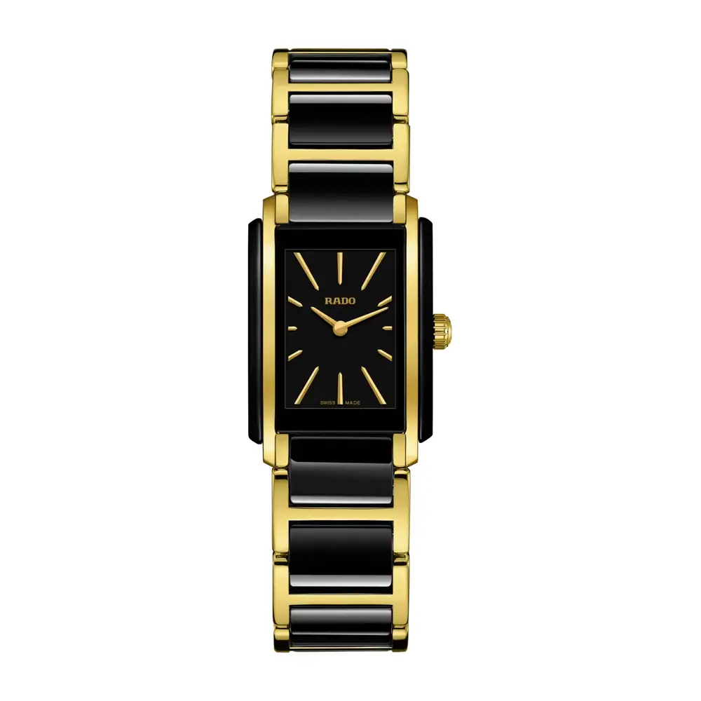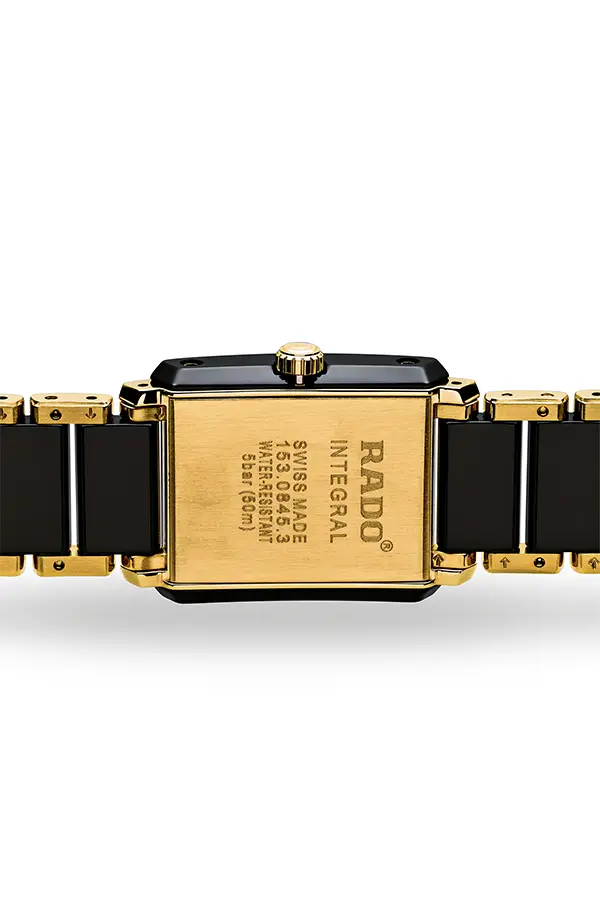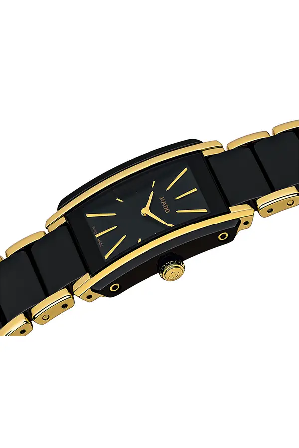 Rado Integral R20845162 là mẫu đồng hồ unisex thanh lịch, kết hợp giữa thiết kế hiện đại, chất liệu cao cấp và kỹ thuật chế tác tinh xảo. Vỏ đồng hồ hình chữ nhật kích thước 22,7 × 33,1 mm được làm từ sự kết hợp giữa gốm công nghệ cao, thép không gỉ và lớp mạ vàng, tạo nên vẻ ngoài sang trọng và độ bền vượt trội.
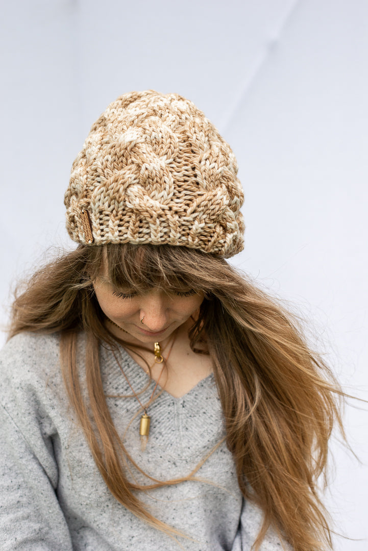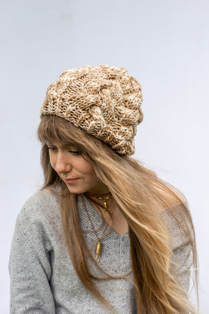 All one of a kind hats are knit with hand dyed, 100% merino wool. Because of how the wool we use is dyed by hand, each skein is unique. Combined with the braided pattern, even if we use the same colorway, each hat is totally one of a kind.
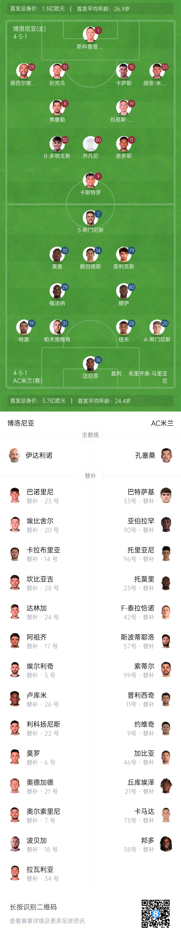 博洛尼亞替補(bǔ):23-巴諾里尼、34-拉瓦利亞、5-埃爾利奇、14-伊令、22-利科揚(yáng)尼斯、26-盧庫米、6-莫羅、17-阿祖齊、18-波貝加、20-埃比舍爾、7-奧爾索里尼、21-奧德加德、24-達(dá)林加、28-坎比亞吉

Task details
Go through the material above and retype every line exactly, without the images.

Reply
 Rado Integral R20845162 là mẫu đồng hồ unisex thanh lịch, kết hợp giữa thiết kế hiện đại, chất liệu cao cấp và kỹ thuật chế tác tinh xảo. Vỏ đồng hồ hình chữ nhật kích thước 22,7 × 33,1 mm được làm từ sự kết hợp giữa gốm công nghệ cao, thép không gỉ và lớp mạ vàng, tạo nên vẻ ngoài sang trọng và độ bền vượt trội.
 All one of a kind hats are knit with hand dyed, 100% merino wool. Because of how the wool we use is dyed by hand, each skein is unique. Combined with the braided pattern, even if we use the same colorway, each hat is totally one of a kind.
 博洛尼亞替補(bǔ):23-巴諾里尼、34-拉瓦利亞、5-埃爾利奇、14-伊令、22-利科揚(yáng)尼斯、26-盧庫米、6-莫羅、17-阿祖齊、18-波貝加、20-埃比舍爾、7-奧爾索里尼、21-奧德加德、24-達(dá)林加、28-坎比亞吉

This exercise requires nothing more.